Task item> Reproduce the listing below character for character; drop every image.

Provided material>
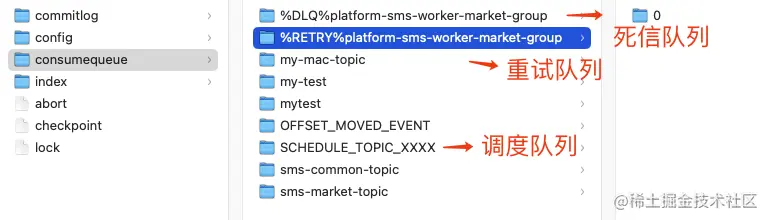 1、消费文件按照主题存储,每个主题下有不同的队列,图中主题 my-mac-topic 有 16 个队列 (0 到 15) ;
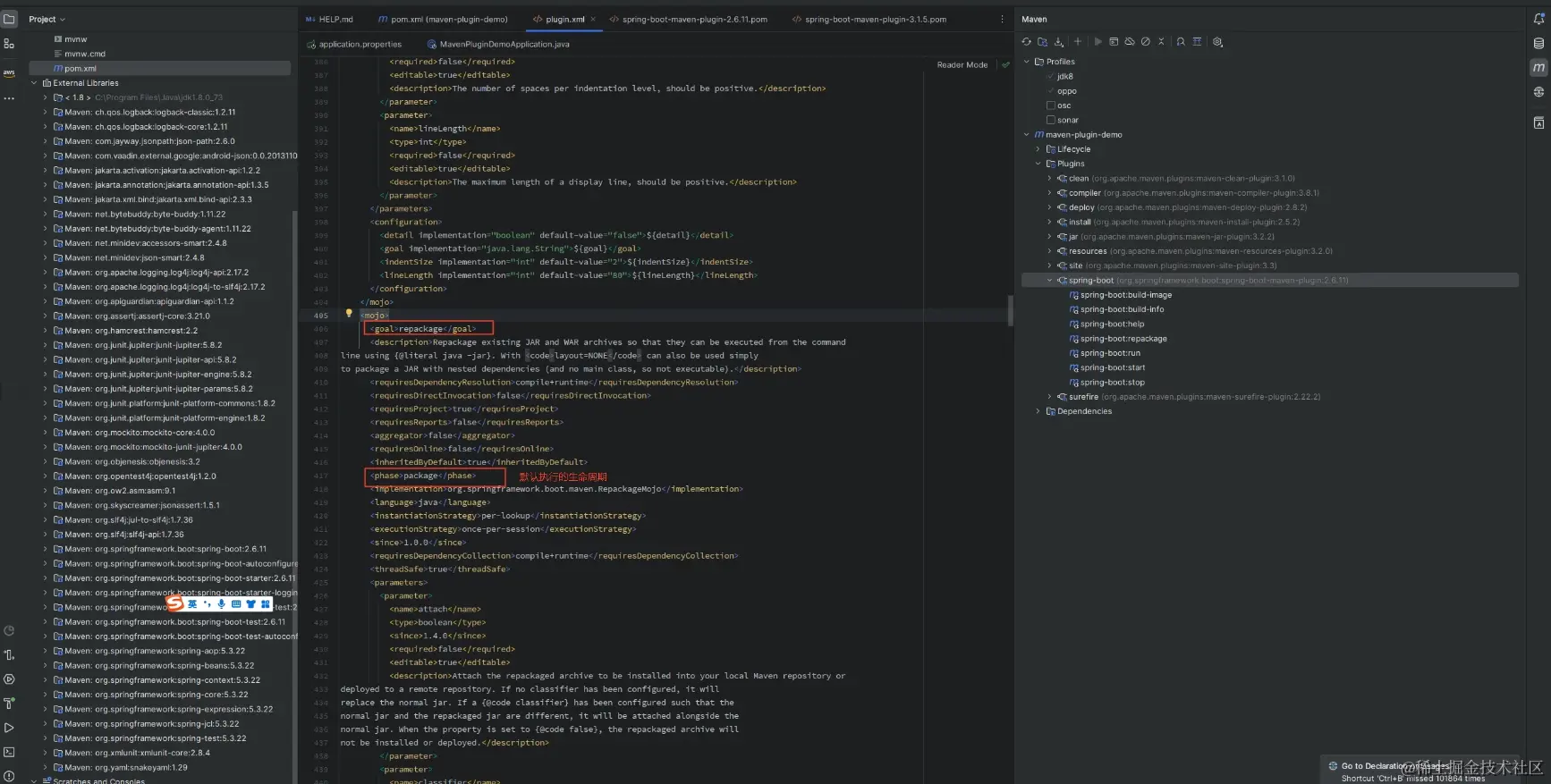 alt+点击`repackage`可以查看这个goal生成的plugin.xml文件
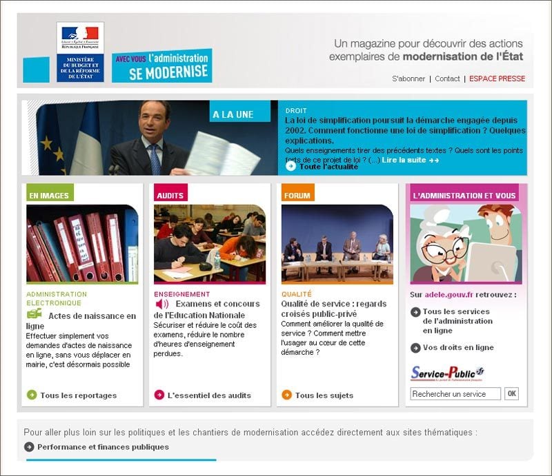 L’Administration française propose de plus en plus de services sur le Net. Cette modernisation est présentée dans ce magazine en ligne, édité par le ministère de l’Economie. Les sujets peuvent plus ou moins intéresser le grand public,
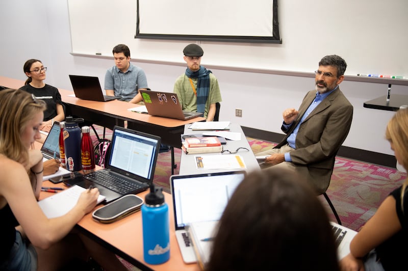 Carrese's in a blue button-down shirt and brown blazer, appearing better suited to the U.S. Air Force Academy, where he taught for nearly 20 years, than sunny ASU. He gathers his 10 students around a single, rectangular table in the large, basement classroom and talks about the joy of learning, especially on a campus far from home.

Answer box>
 1、消费文件按照主题存储,每个主题下有不同的队列,图中主题 my-mac-topic 有 16 个队列 (0 到 15) ;
 alt+点击`repackage`可以查看这个goal生成的plugin.xml文件
 L’Administration française propose de plus en plus de services sur le Net. Cette modernisation est présentée dans ce magazine en ligne, édité par le ministère de l’Economie. Les sujets peuvent plus ou moins intéresser le grand public,
 Carrese's in a blue button-down shirt and brown blazer, appearing better suited to the U.S. Air Force Academy, where he taught for nearly 20 years, than sunny ASU. He gathers his 10 students around a single, rectangular table in the large, basement classroom and talks about the joy of learning, especially on a campus far from home.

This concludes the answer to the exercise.